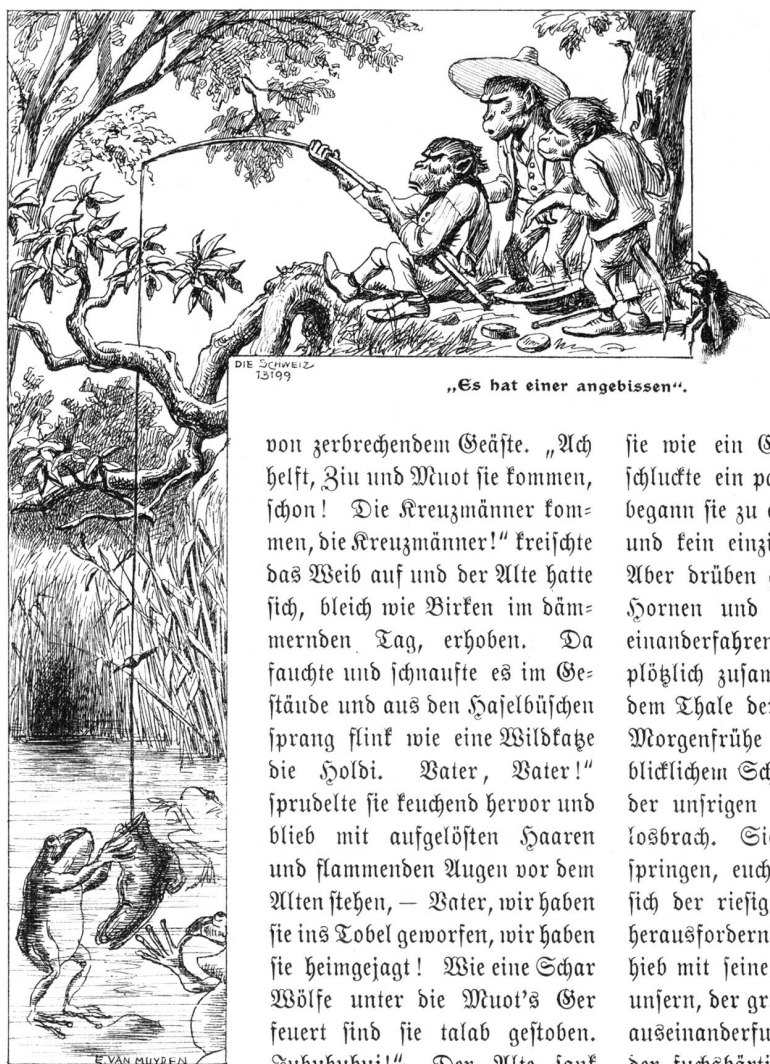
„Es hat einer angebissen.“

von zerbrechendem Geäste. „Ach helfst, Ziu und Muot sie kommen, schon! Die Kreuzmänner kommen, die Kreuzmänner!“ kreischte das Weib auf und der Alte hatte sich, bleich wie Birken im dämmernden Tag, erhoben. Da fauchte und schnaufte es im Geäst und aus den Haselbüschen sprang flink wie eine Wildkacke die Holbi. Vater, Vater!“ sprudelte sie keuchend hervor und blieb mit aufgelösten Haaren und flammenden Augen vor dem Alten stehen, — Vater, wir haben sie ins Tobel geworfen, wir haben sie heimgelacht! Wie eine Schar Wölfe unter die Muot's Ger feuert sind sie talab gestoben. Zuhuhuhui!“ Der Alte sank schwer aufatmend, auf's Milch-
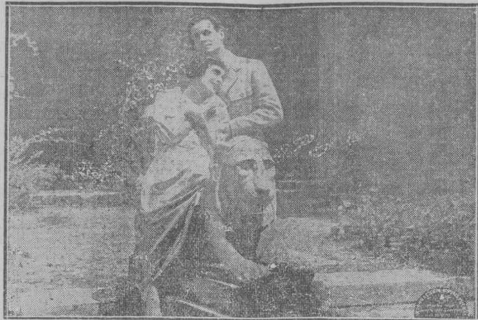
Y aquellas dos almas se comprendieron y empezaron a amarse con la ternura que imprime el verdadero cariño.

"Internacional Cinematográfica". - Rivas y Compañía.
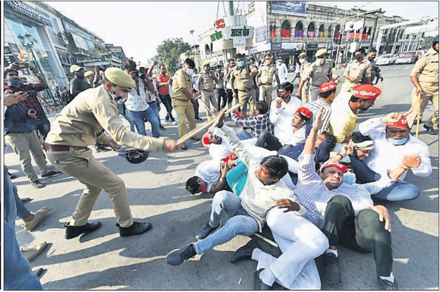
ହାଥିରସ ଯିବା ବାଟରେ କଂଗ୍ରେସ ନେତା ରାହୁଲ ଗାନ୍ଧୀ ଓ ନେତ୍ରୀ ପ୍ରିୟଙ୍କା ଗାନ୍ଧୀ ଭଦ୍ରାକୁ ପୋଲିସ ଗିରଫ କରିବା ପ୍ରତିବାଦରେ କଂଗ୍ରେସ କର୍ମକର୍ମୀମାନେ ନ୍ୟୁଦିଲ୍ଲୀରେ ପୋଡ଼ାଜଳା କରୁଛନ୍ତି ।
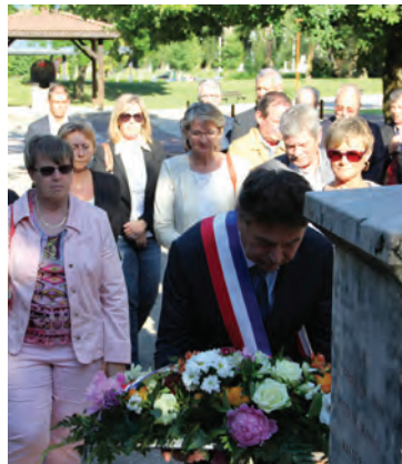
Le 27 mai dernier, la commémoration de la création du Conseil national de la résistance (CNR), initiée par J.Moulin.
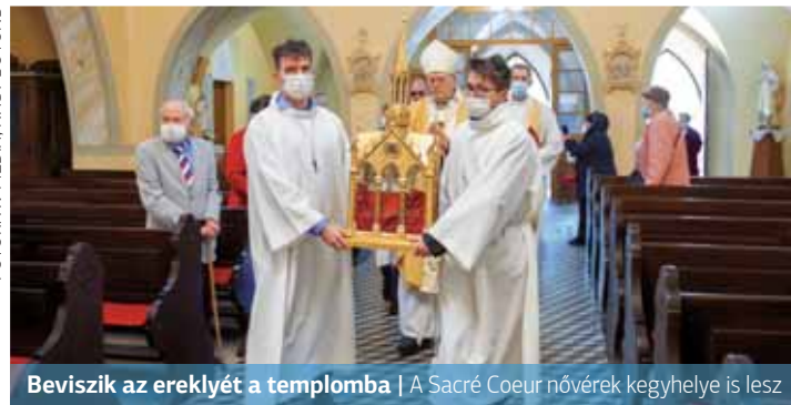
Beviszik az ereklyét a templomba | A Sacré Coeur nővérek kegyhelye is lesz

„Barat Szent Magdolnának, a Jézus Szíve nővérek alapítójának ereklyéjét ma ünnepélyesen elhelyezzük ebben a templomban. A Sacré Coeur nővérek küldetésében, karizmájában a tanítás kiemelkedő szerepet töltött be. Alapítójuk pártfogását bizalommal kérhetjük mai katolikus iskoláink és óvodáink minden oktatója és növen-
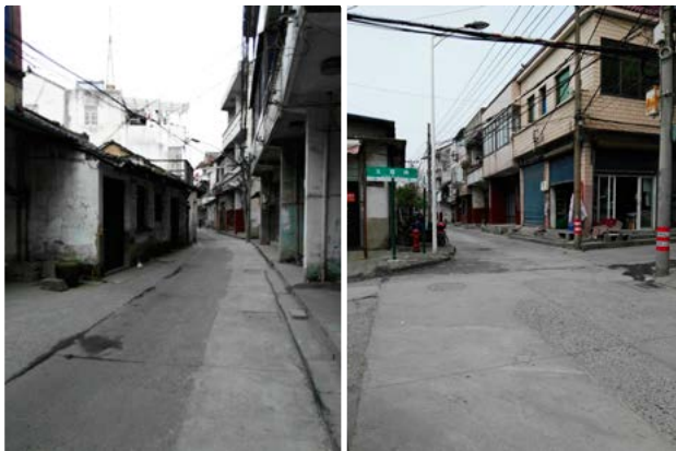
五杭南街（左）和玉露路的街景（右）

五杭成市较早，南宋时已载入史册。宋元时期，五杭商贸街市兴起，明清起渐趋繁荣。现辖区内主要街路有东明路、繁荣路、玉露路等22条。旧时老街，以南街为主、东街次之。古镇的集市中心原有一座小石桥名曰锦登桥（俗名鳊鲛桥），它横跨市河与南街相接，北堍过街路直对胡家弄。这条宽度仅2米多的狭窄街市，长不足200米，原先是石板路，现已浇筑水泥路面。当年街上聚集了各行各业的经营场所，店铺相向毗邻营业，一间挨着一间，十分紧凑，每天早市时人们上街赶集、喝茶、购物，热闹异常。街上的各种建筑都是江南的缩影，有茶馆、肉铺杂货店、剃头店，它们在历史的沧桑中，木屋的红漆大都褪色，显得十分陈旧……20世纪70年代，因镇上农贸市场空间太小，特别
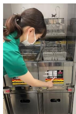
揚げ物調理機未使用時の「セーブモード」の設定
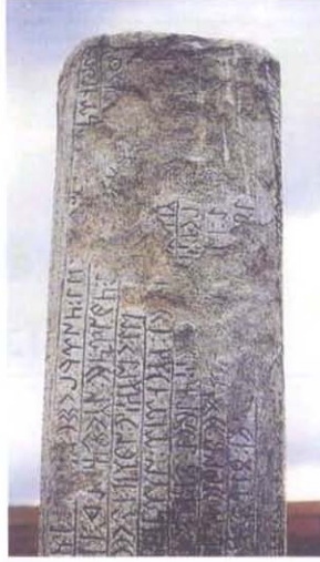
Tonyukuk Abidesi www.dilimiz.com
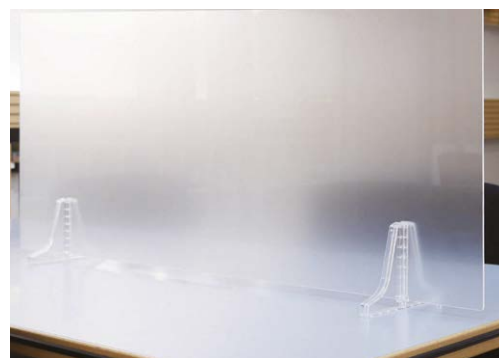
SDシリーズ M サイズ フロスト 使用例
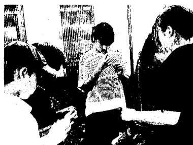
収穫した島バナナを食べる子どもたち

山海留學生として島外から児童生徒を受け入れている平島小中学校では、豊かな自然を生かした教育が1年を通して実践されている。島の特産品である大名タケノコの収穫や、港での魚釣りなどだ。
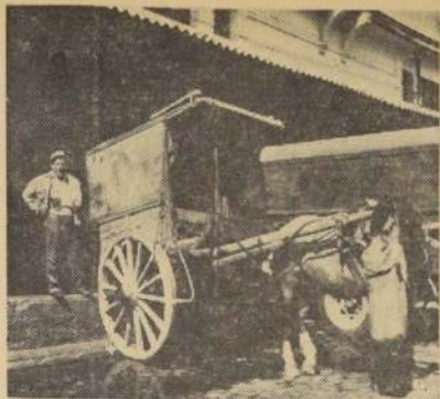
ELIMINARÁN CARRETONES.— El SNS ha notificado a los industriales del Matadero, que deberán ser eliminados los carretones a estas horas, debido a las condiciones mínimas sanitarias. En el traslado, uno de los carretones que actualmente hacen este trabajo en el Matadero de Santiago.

···

» ACTIVITY: Nothing but the lines above from the line with "Szent Magdolnának, a" up to and including the line with "五杭南街（左）和玉露路的街景（右）" should be returned, exactly as written and without pictures.

» ANSWER SECTION:
„Barat Szent Magdolnának, a Jézus Szíve nővérek alapítójának ereklyéjét ma ünnepélyesen elhelyezzük ebben a templomban. A Sacré Coeur nővérek küldetésében, karizmájában a tanítás kiemelkedő szerepet töltött be. Alapítójuk pártfogását bizalommal kérhetjük mai katolikus iskoláink és óvodáink minden oktatója és növen-
五杭南街（左）和玉露路的街景（右）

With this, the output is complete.